Roasted garlic shrimp makes for an easy sheet pan dinner. If zucchini isn’t for you, then asparagus, bell peppers, or other summer squash would make excellent substitutes.
If you’re lucky enough to have any leftovers, the roasted garlic shrimp and zucchini would be great tossed into a salad or served with a side of whole grains like quinoa or buckwheat.
Perfect for weekday meals!
Prep Time – 15 mins
Cook Time – 18 mins
Total Time – 33 mins
Servings – 4 servings
Calories – 230 kcal
Author – Beachbody
Ingredients
• Parchment paper
• 1 Tbsp. + 1 tsp. olive oil
• 4 cloves garlic finely chopped
• ½ tsp. dried oregano
• ½ tsp. dried basil
• ¼ tsp. sea salt (or Himalayan salt)
• ¼ tsp. ground black pepper
• 4 medium zucchini cut into 1/2-inch slices
• 1 lb. medium shrimp peeled, deveined
• ½ cup grated Parmesan cheese
• 1 Tbsp. fresh lemon juice
• 2 Tbsp. finely chopped fresh parsley
Instructions
1. Preheat oven to 400º F.
2. Line large sheet pan with parchment paper. Set aside.

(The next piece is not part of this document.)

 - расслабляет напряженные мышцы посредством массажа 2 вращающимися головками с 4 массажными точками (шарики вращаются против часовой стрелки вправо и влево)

3. Combine oil, garlic, oregano, basil, salt, and pepper in a small bowl; whisk to blend. Set aside.
4. Place zucchini on pan. Drizzle with half of oil mixture; mix well to coat. Bake for 10 minutes.

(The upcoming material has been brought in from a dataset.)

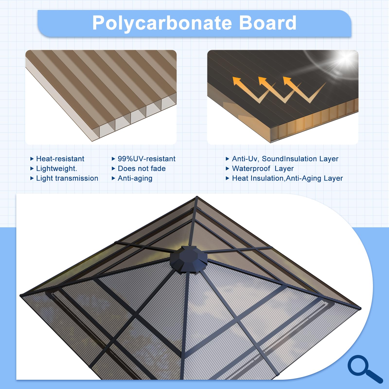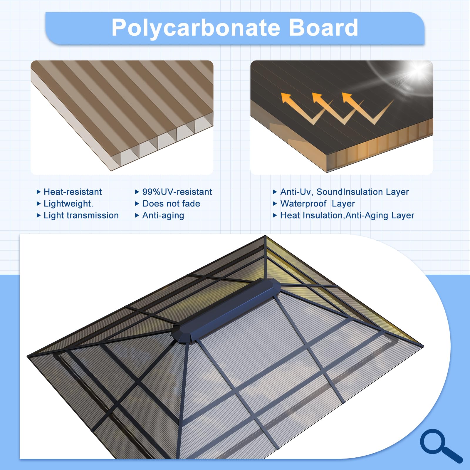 - COMFORTABLE SPACE 3×3 or 3×4 sizes are available to better match different patio spaces. 16 pieces of 6 mm thick hollow PC panel roofs ensure good light transmission, bright and even light inside the gazebo; surrounded by 4 pieces of PA polyester fabric, which can protect against wind and rain and release the view when they are retracted.

5. Add shrimp to pan; mix well.
6. Drizzle with remaining half of oil mixture; mix well. Sprinkle with cheese. Bake for 6 to 8 minutes, or until shrimp is firm and opaque, and zucchini is tender-crisp.
7. Drizzle with lemon juice and sprinkle with parsley; serve immediately.
Container Equivalents
1 Green
1 Red
½ Blue
1 tsp.
2B Mindset Plate It!
Add a side salad or veggies for dinner. Add an FFC for lunch.